Reduced calcium/calmodulin-dependent protein kinase II activity in the hippocampus is associated with impaired cognitive function in MPTP-treated mice
Article first published online: 6 JAN 2012
© 2011 The Authors. Journal of Neurochemistry © 2011 International Society for Neurochemistry
Journal of Neurochemistry
Volume 120, Issue 4, pages 541–551, February 2012
How to Cite
Moriguchi, S., Yabuki, Y. and Fukunaga, K. (2012), Reduced calcium/calmodulin-dependent protein kinase II activity in the hippocampus is associated with impaired cognitive function in MPTP-treated mice. Journal of Neurochemistry, 120: 541–551. doi: 10.1111/j.1471-4159.2011.07608.x
- Issue published online: 13 JAN 2012
- Article first published online: 6 JAN 2012
- Accepted manuscript online: 2 DEC 2011 09:08AM EST
- Received July 5, 2011; revised manuscript received November 18, 2011; accepted November 29, 2011.

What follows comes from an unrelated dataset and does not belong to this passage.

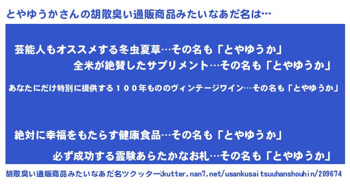 | 男性向けラノベタイトル風あだ名 | 『とやゆうか~年齢イコール彼女いない歴の魔法使い~』 |

- calcium/calmodulin-dependent protein kinase II;
- cognitive deficits;
- long-term potentiation;
- Parkinson’s disease
J. Neurochem. (2012) 120, 541–551.
Parkinson’s disease (PD) patients frequently reveal deficit in cognitive functions during the early stage in PD. The dopaminergic neurotoxin, MPTP-induced neurodegeneration causes an injury of the basal ganglia and is associated with PD-like behaviors. In this study, we demonstrated that deficits in cognitive functions in MPTP-treated mice were associated with reduced calcium/calmodulin-dependent protein kinase II (CaMKII) autophosphorylation and impaired long-term potentiation (LTP) induction in the hippocampal CA1 region. Mice were injected once a day for 5 days with MPTP (25 mg/kg i.p.). The impaired motor coordination was observed 1 or 2 week after MPTP treatment as assessed by rota-rod and beam-walking tasks. In immunoblotting analyses, the levels of tyrosine hydroxylase protein and CaMKII autophosphorylation in the striatum were significantly decreased 1 week after MPTP treatment. By contrast, deficits of cognitive functions were observed 3–4 weeks after MPTP treatment as assessed by novel object recognition and passive avoidance tasks but not Y-maze task. Impaired LTP in the hippocampal CA1 region was also observed in MPTP-treated mice. Concomitant with impaired LTP induction, CaMKII autophosphorylation was significantly decreased 3 weeks after MPTP treatment in the hippocampal CA1 region. Finally, the reduced CaMKII autophosphorylation was closely associated with reduced AMPA-type glutamate receptor subunit 1 (GluR1; Ser-831) phosphorylation in the hippocampal CA1 region of MPTP-treated mice. Taken together, decreased CaMKII activity with concomitant impaired LTP induction in the hippocampus likely account for the learning disability observed in MPTP-treated mice.